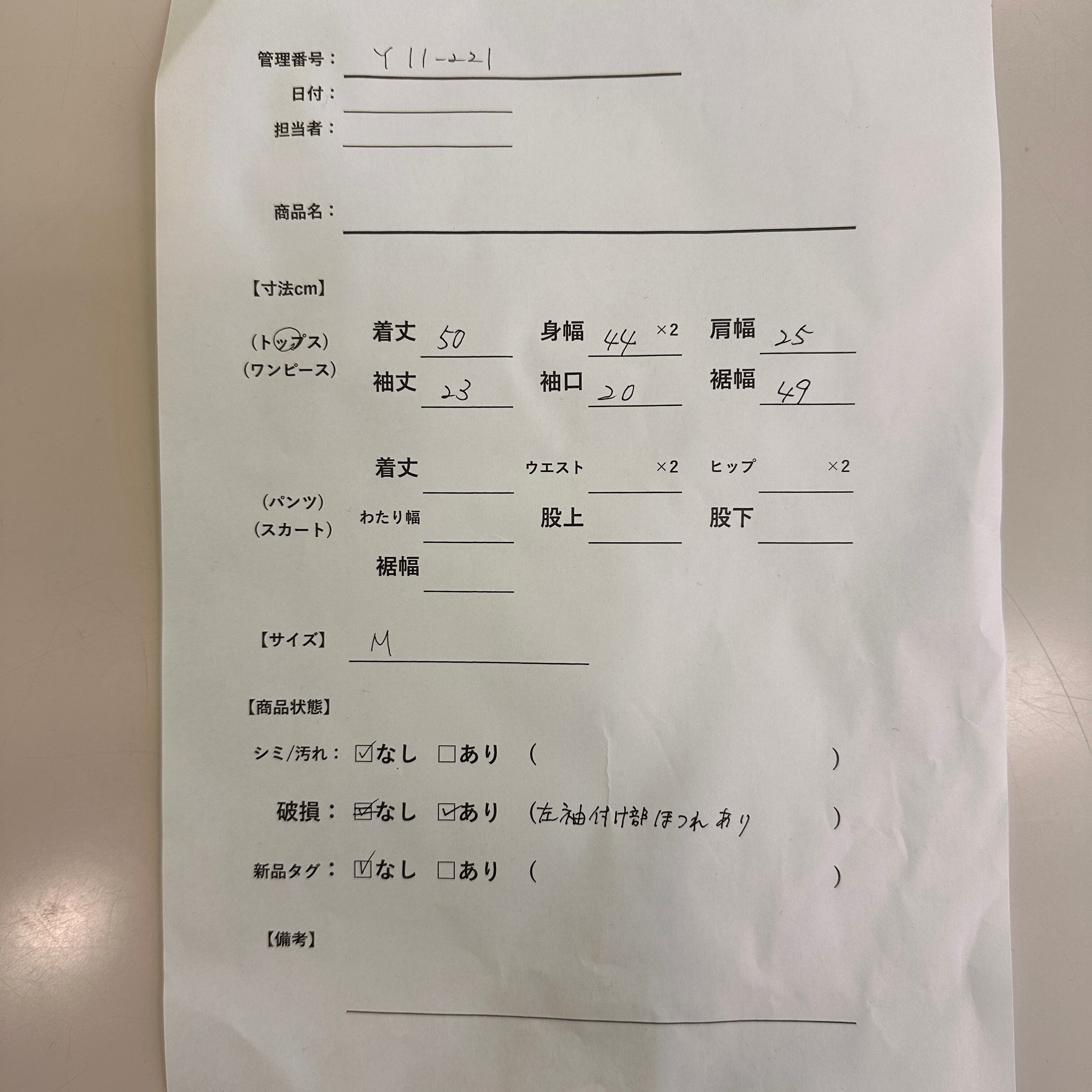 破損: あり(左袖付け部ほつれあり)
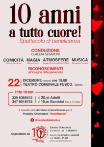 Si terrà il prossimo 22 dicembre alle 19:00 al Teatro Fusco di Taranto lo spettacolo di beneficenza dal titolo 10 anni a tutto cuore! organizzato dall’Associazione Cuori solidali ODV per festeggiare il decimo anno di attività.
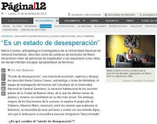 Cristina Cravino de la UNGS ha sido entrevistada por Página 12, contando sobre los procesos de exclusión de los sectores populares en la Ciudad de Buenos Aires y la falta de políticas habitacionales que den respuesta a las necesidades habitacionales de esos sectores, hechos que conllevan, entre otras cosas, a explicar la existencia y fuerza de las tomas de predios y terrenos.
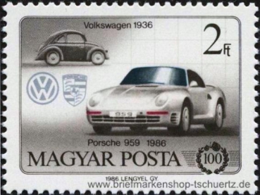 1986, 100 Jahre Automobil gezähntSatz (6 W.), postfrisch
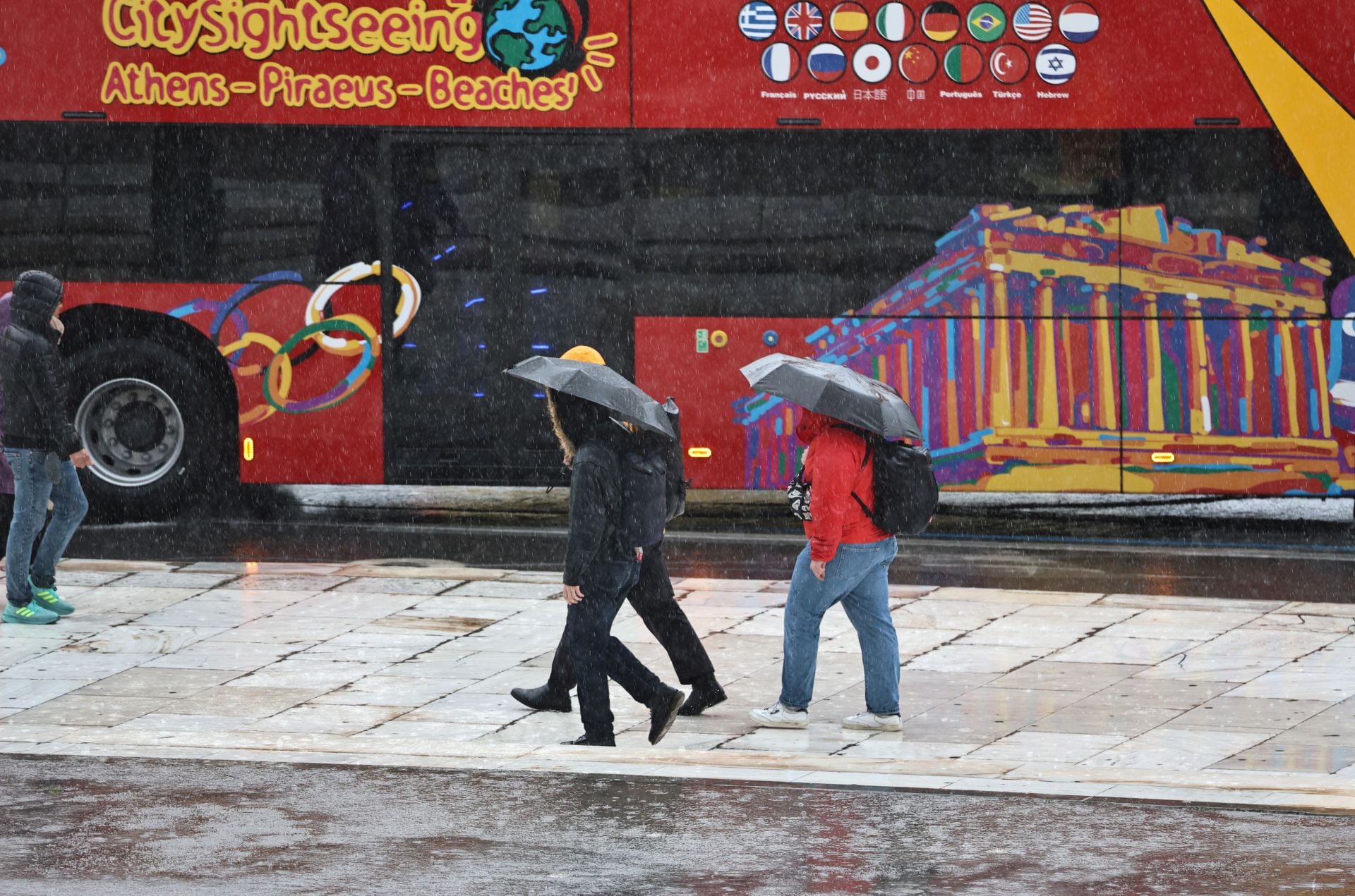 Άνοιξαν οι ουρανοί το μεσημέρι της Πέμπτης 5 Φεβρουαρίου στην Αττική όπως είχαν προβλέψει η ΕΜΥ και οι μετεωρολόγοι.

====

EXERCISE DIRECTIONS:
All of the records must come back exactly as they stand, minus every picture.

TASK SOLUTION:
 破損: あり(左袖付け部ほつれあり)
 Si terrà il prossimo 22 dicembre alle 19:00 al Teatro Fusco di Taranto lo spettacolo di beneficenza dal titolo 10 anni a tutto cuore! organizzato dall’Associazione Cuori solidali ODV per festeggiare il decimo anno di attività.
 Cristina Cravino de la UNGS ha sido entrevistada por Página 12, contando sobre los procesos de exclusión de los sectores populares en la Ciudad de Buenos Aires y la falta de políticas habitacionales que den respuesta a las necesidades habitacionales de esos sectores, hechos que conllevan, entre otras cosas, a explicar la existencia y fuerza de las tomas de predios y terrenos.
 1986, 100 Jahre Automobil gezähntSatz (6 W.), postfrisch
 Άνοιξαν οι ουρανοί το μεσημέρι της Πέμπτης 5 Φεβρουαρίου στην Αττική όπως είχαν προβλέψει η ΕΜΥ και οι μετεωρολόγοι.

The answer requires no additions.